Exactly. I took that example a bit too literal, that's what confused me.

-- 
/Jacob Carlborg


July 18, 2012
On Monday, 16 July 2012 at 19:35:47 UTC, Andrei Alexandrescu wrote:

> I agree this would be more direct. But I fail to see how Walter cherry-picking stuff is "basically no additional work", whereas Adam doing essentially the same is an unenviable "amount of labor".

Well, if things go well, there is a system that could make things much simpler. But my thought would that Walter wouldn't need to touch the stable branch. The only benefit for the new org is a separate set of contributes and separate pull requests.

If this system takes off, while still having a cost to Walter, there would be a stable branch which get all the bug fixes and the new feature branch. When adding a bug fix just merge the stable branch into the feature branch.

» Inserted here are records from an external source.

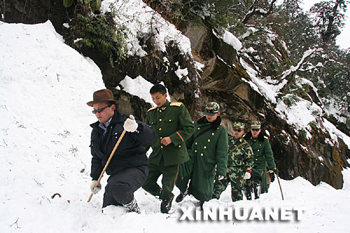 1月23日,武警官兵在云南福貢縣境內(nèi)尋找雪災(zāi)中的失蹤者。新華社記者 楊牧源攝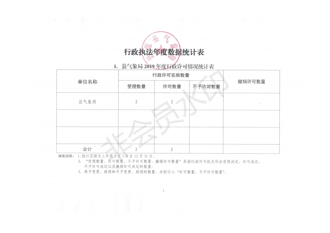 标题: 县气象局2019年度行政执法数据统计表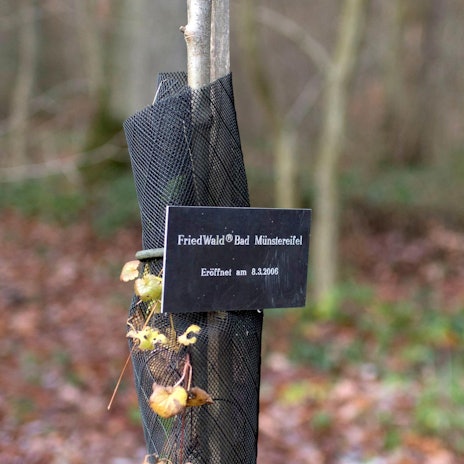 Name kann am Baumstamm angebracht werden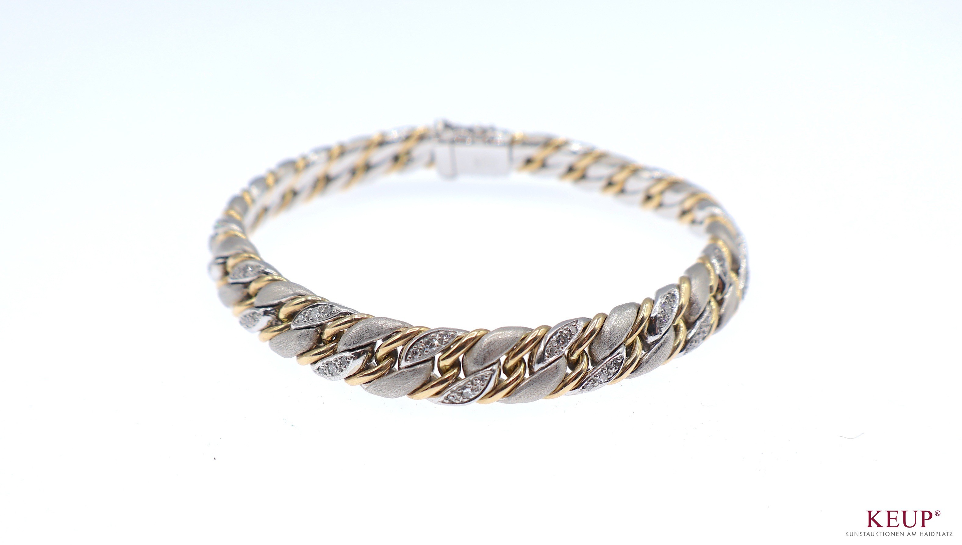 Goldenes Armband bicolor, Gelbgold/Weißgold gest. 585, reich dekoriert mit kl. Brillanten, Länge ca. 19 cm, Steckverschluss mit Sicherheitsachter, 36 Gramm, Provenienz: Privatbesitz Regensburg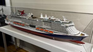 Danach kommt man in einen Raum, in welchem zahlreiche Modelle von Kreuzfahrtschiffen der letzten 40 Jahre originalgetreu nachgebaut stehen. Durch den einheitlichen Maßstab von 1:200 kann man sehr gut sehen, wie riesig die Kreuzfahrtschiffe heutzutage sind. Für uns natürlich auch sehr schön, da wir bereits zahlreiche Kreuzfahrten mit AIDA unternommen haben. Man sieht hier ein Modell der so genannten Sphinx-Klasse mit dem ausladenden Theatrium in der Mitte. Demgegenüber steht ein Modell der AIDAnova, dem derzeit größten Schiff der Flotte.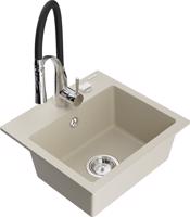 MEXEN/S Milo granitový dřez 1-miska včetně baterie Aster, béžová 6505-69-73450-07

This won't always be a clean merge.

Good luck Adam.
July 19, 2012
Just curious, if Walter is too busy to make DMD more stable, then what does he spend most of his time on?  I thought we were done with adding new features to the language (at least for now)?

On Mon, Jul 16, 2012 at 1:29 PM, Jonathan M Davis <jmdavisProg@gmx.com> wrote:
> On Monday, July 16, 2012 13:18:55 Caligo wrote:
>> What?!
>>
>> All he has to do is create a branch and call it stable, or whatever, and use cherry-pick to move small stables patches from other branches to the stable branch. What's so difficult about that? I don't get it.
>
> It takes up his time for him to do it, and I don't think that there's any chance whatsoever of him giving someone else commit access to the main dmd repository to do this (certainly not at this point). He wasn't interested in changing the versioning or branching stuff at all. He agreed to this plan (which should be minimally disruptive to him) as an experiment. Depending on how it goes, we may change how we deal with the main repo, but for now, we're trying this. And since the likely alternative was that we would continue on exactly as we have been, this is presumably an improvement for the folks who wanted a branch with bug fixes with more frequent releases.